The Aga Saga Woman's daughter, Chloe Taylor-Thomas, is played by two different actresses in Series One and Two and played by Jennifer Rae Daykin in Series Three. Chloe often comes up with good ideas during the Aga Saga Woman's crisis, such as suggesting that Roquefort will go well with some good bread at the Parisian picnic. The Aga Saga Woman's son, Thomas Taylor-Thomas, is played by different actors in all three series. He sometimes seems to be forgetful, as he once suggested bringing Wensleydale cheese, which would have been a grave mistake, to a Parisian picnic. He refers to his mother as "dear heart" and "darling" and often takes a lead role during the Aga Saga Woman's crisis by saying not to panic and "it puts everything into perspective."
Tate has stated that the character was based on a woman who was rude to her on Kings Road when she was pregnant.
Derek, who first appeared in series two, is a man who shows several signs of being gay (combining some mannerisms of famous gay British comedians such as Kenneth Williams and Frankie Howerd), but seems to be in denial about his sexuality and becomes extremely offended and defensive when people assume he is gay. To his dislike, these occurrences are frequent because he behaves in an extremely effeminate way. His most famous catchphrase is "How very dare you!", along with the overuse of the word "dear". This can be seen in another catchphrase; when asked about his sexuality he replies "Who, dear? Me, dear? Gay, dear? No, dear!", or when asked for advice replying "Me, dear? Advice, dear? Yes, dear." When offended, Derek states how he and his mother have been doing something relative to the person Derek is insulted by for 25 years. For example, in one sketch with Bonnie Langford, he rants "25 years my mother and I have been following your career and you come out with this!?" Derek also uses the word "impertinent" to describe the person who has unintentionally offended him. He also frequently says "What on earth are you insinuating?" when the person he is talking to makes a comment on how they think he is gay. Another well-known catchphrase is "I've never been so insulted!"
In series three, Derek still battles with the problem of everyone he meets assuming he is gay. He becomes particularly offended when, while on holiday in Spain with his male companion Leonard Mincing, a taxi driver offers to take them to a Hawaiian-themed gay bar called "Homo Lulu". Bonnie Langford also appears in one of his sketches, where he ends up giving her one of his infamous rants after she casually mentioned that she had many "gay fans". Derek Faye's silent male companion, Leonard Mincing, is played by Martin Akehurst.
Irene (whose accent suggests that she is an East Londoner of Maltese origins) and Vernon (often referred to as Vern) first appeared in series two.
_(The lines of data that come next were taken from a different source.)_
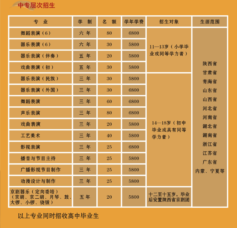 陕西艺术职业学院2012年中专招生计划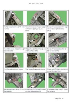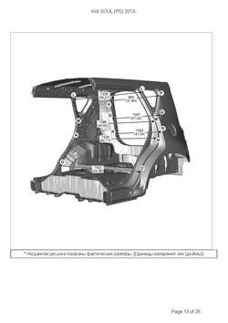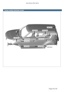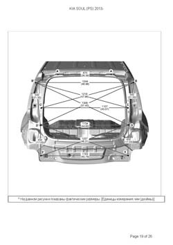 - Из заводского руководства по ремонту кузова KIA Soul (PS) 2013-2019, в том числе диагональные размеры проемов кузова и контрольные точки для восстановления геометрии. Дополнительно приведены допустимые значения зазоров кузовных панелей.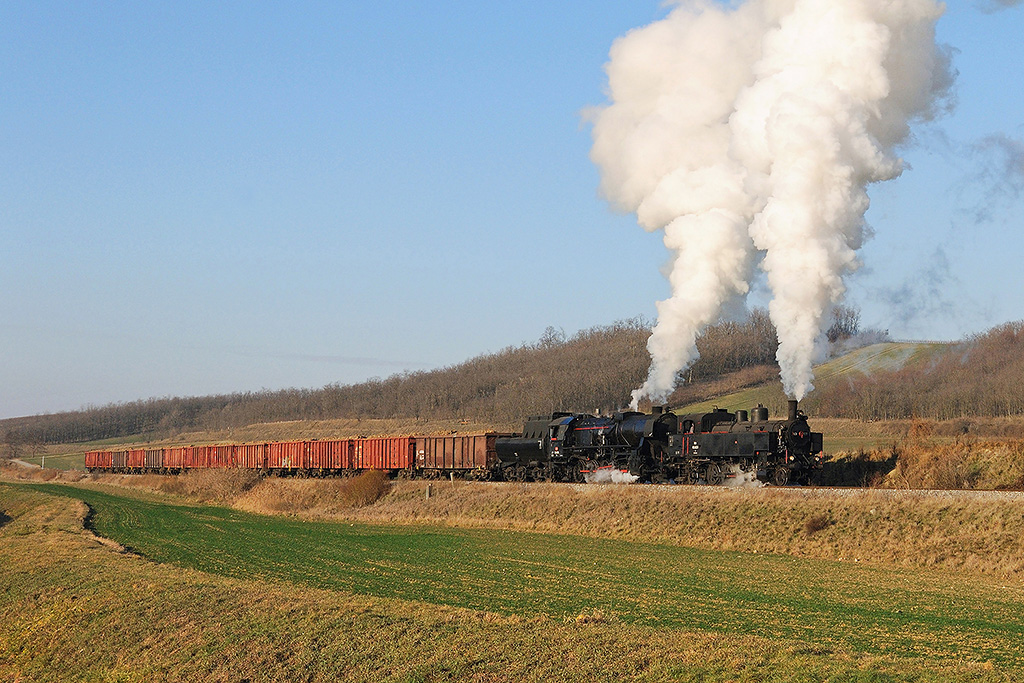 Veliká krása. Lokálky na Moravském poli v akci. Určitě je to fotovlak (resp. pára nasazená na pravidelný návoz řepy po patrně jinak příliš nevyužívané trati), ale připomíná to mladá léta, kdy se podobné řepáky pohybovaly i po našich tratích, sice s jinými, ale podobnými lokomotivami - třeba 423.0, 434.2, 556.0...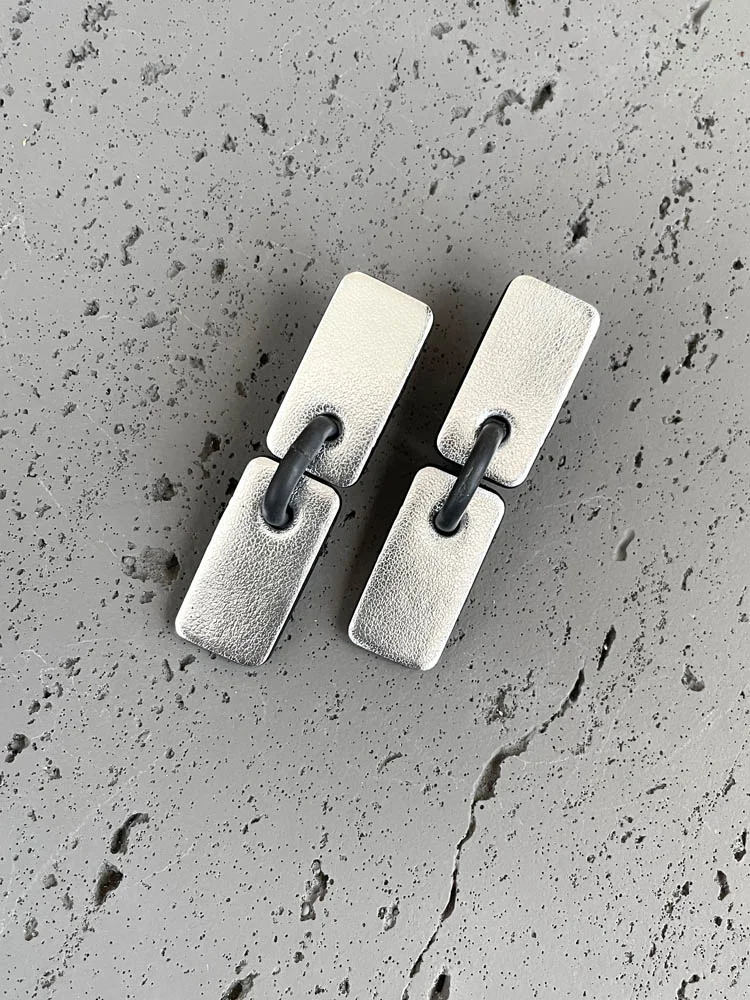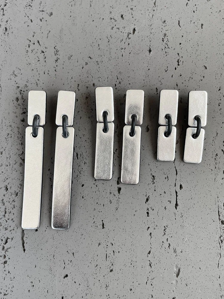 Серьги СТИК S из кожи цвет серебро глянец и чёрный.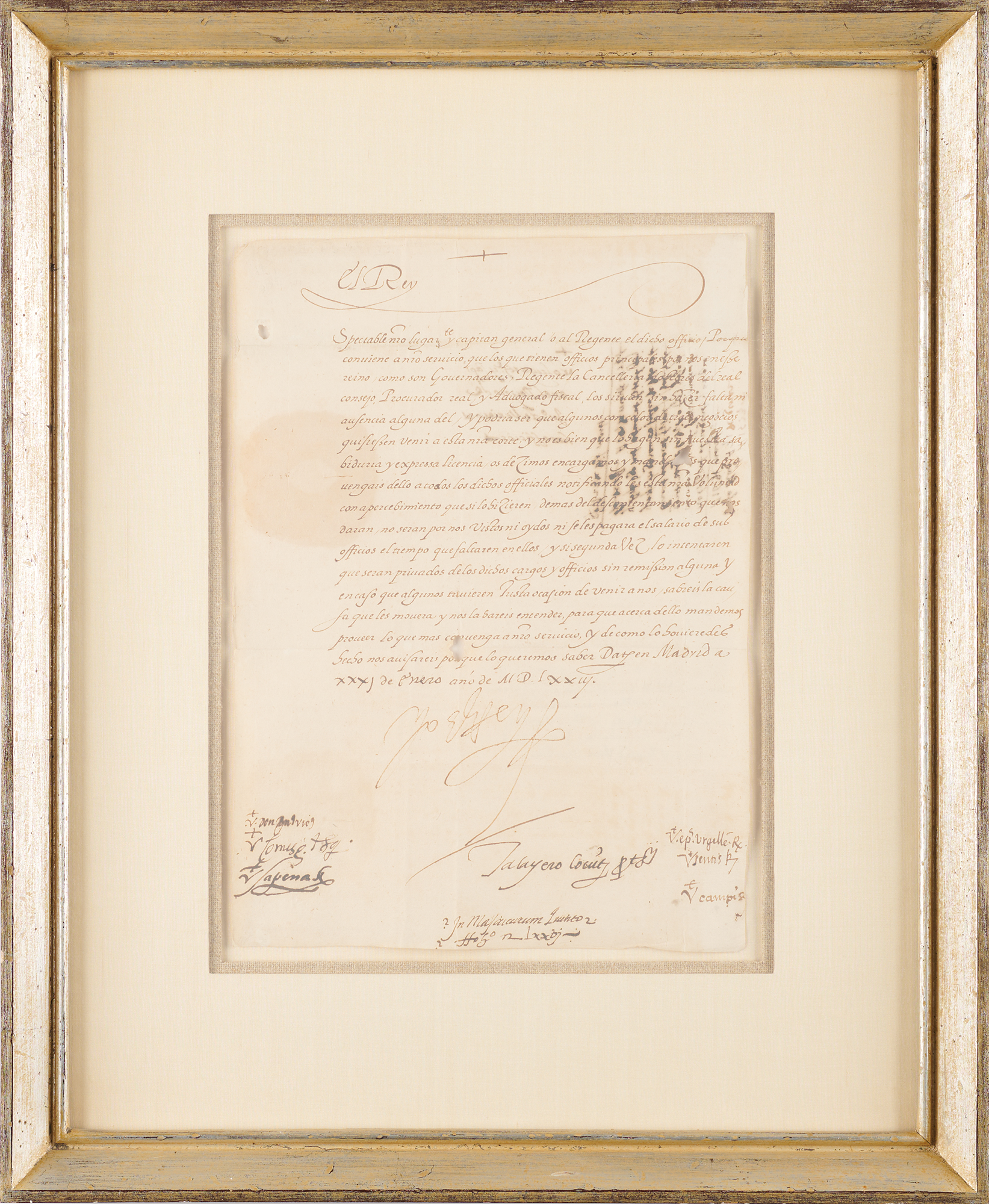 King of Spain (born 1527) from 1556 until his death in 1598; Sovereign of the Spanish Empire over North and South America, King of Portugal, Naples, Spanish Holland and Sicily, and King of England and Ireland while married to Queen Mary I. Manuscript DS in Spanish, signed “Yo El Rey,” one page, 8.5 x 11.5, January 31, 1574. Untranslated administrative order, prominently signed at the conclusion in ink by King Philip II. Mounted, double-matted, and framed to an overall size of 16 x 19.5. In fine condition, with a few small holes, affecting a couple of words of text.

They are the owners of a mobile burger van situated on the side of a motorway. During their sketches they are visited by a regular customer called Neville (played by Brian Murphy) whom Irene tries to convince that she and Vernon have been visited by various celebrities. Neville almost always orders a double cheese with no sauce, and keeps a tab with Irene and Verne and always asks if he can "settle up on Friday." When Neville appears, Irene never knows the name of the celebrity in question and always attempts to describe them. She once says when trying to describe Madonna; "That big blonde woman off the telly." Irene also claims that they were visited by former Soviet premier Mikhail Gorbachev and Desmond Tutu.
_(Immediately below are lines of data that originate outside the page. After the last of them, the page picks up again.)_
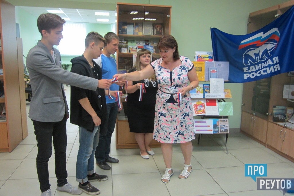 Кстати, 11 июня 2015 года, в четверг, в рамках еженедельной акции «Библиотека в парке», проходящей в городском парке Реутова с 11 до 13 часов, библиотекари и ребята из «Молодой гвардии» партии «Единая Россия» тоже раздавали прохожим символы цвета российского флага — ленточки. А еще детям и взрослым рассказывали и об истории Дня России, и об истории самого государства российского.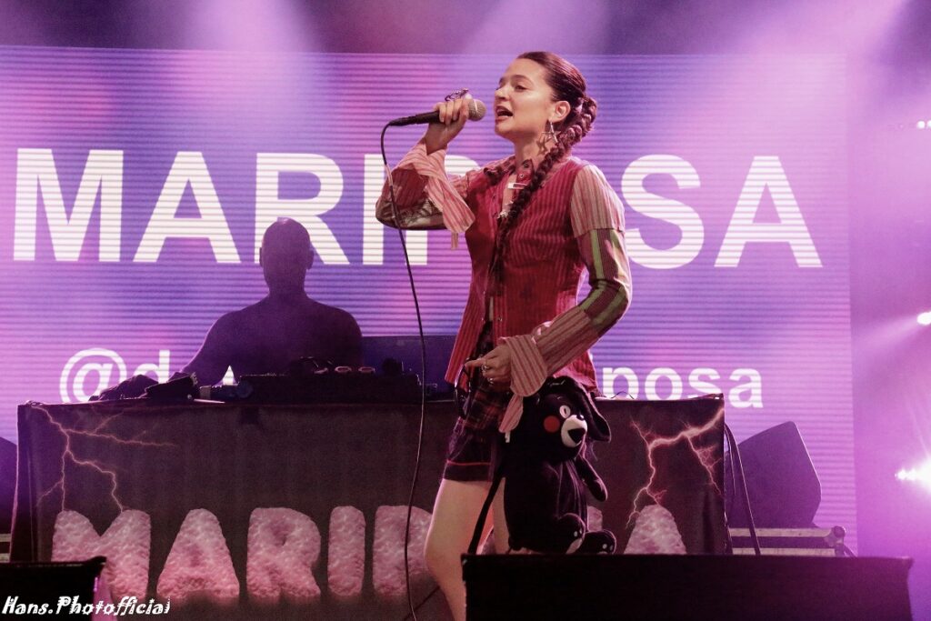 Terug naar Le Labo voor de komst van een sprookjesfiguur. Mariposa had een backdrop mee waarop de vindplaats van haar socials een concert lang te bewonderen viel. “Dondestamariposa” deed ons afvragen waar Mariposa zich bevond, welja, dat was nogal duidelijk. Voor onze neus!
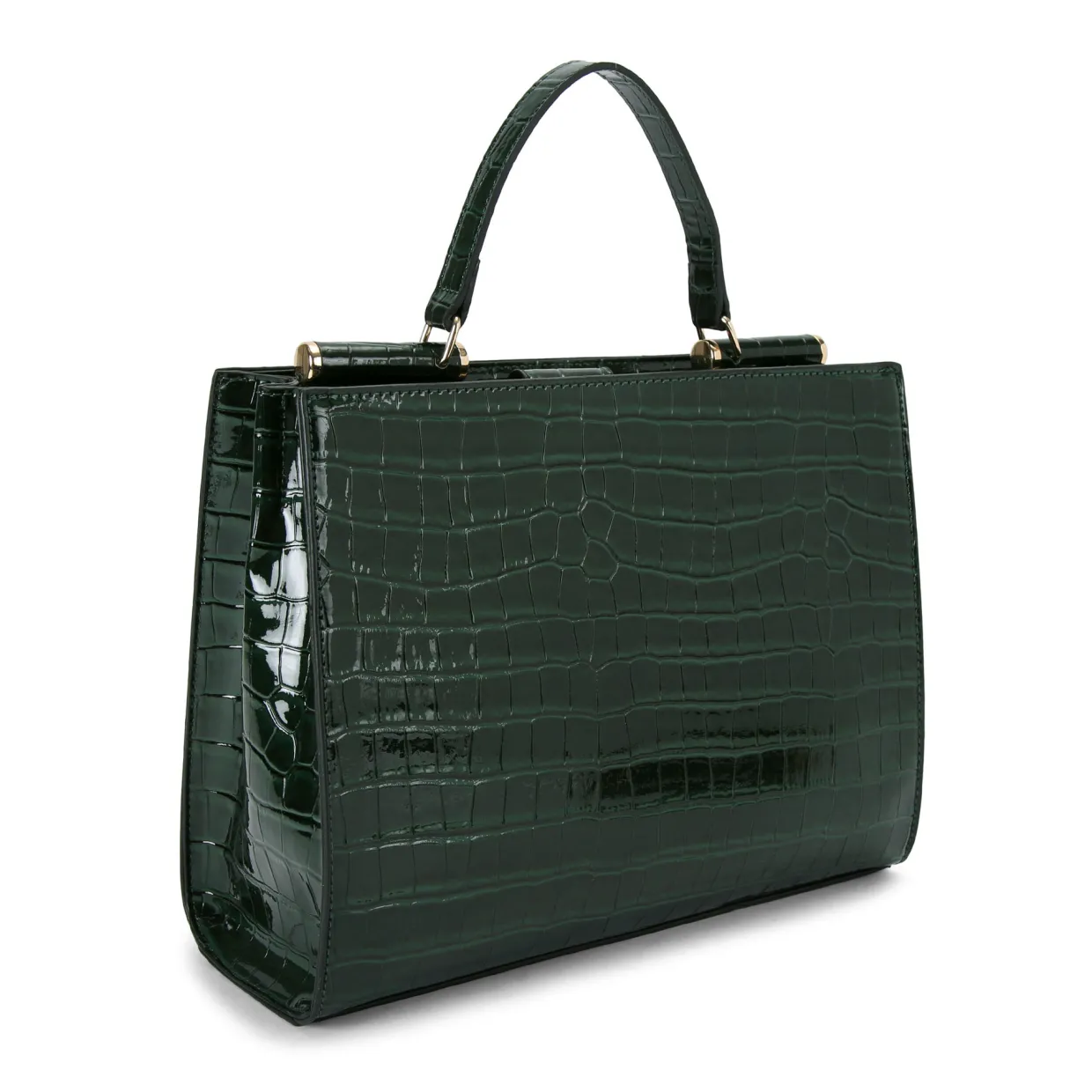- Top grab handle, adjustable strap, gold-tone hardware, logo plaque, patent croc-embossed finish

In series three, with little change from the last series, Irene tries to convince her regular customer Neville that she and Vern had met ABBA, Condoleezza Rice and even Henry VIII of England who, according to Irene, did not die over 400 years ago but is renting a bungalow in Hemel Hempstead and was seen by her on a bike ride with Anne of Cleves. Vernon, who normally has no lines, was given a speaking part for the first time, when he simply told Irene to "Shut up." She replied "No, you shut up!". She also made this insinuation in series two in the scene where Madonna apparently turned up.
A Northern couple who express their disgust at meals they have been presented with at restaurants. Their disgust is based on the perceived over-pricing or the exotic nature of the food. They are also shocked at the food being available in Britain, owing to comments such as "This were in Harrogate." After complaining about the food and prices, they use their most infamous catchphrase: "The dirty bastards!" or sometimes "The dirty, evil, robbing bastards!" Some of the foods that Janice and Ray express disgust at are; shiitake mushrooms (pronounced by them as "shit ache" mushrooms), grapes in brie cheese sandwiches, vegetable tempura and tentsuyu (described as "battered veg" with "spicy jam"), gazpacho and escargots. Another signature characteristic of Janice and Ray's story telling, is the rearranging of the order of their complaint (with pauses). For example in the gazpacho sketch, they say that the "cold tomato soup" is "tomato... soup... cold", "soup... tomato... cold" and "cold... soup... tomato".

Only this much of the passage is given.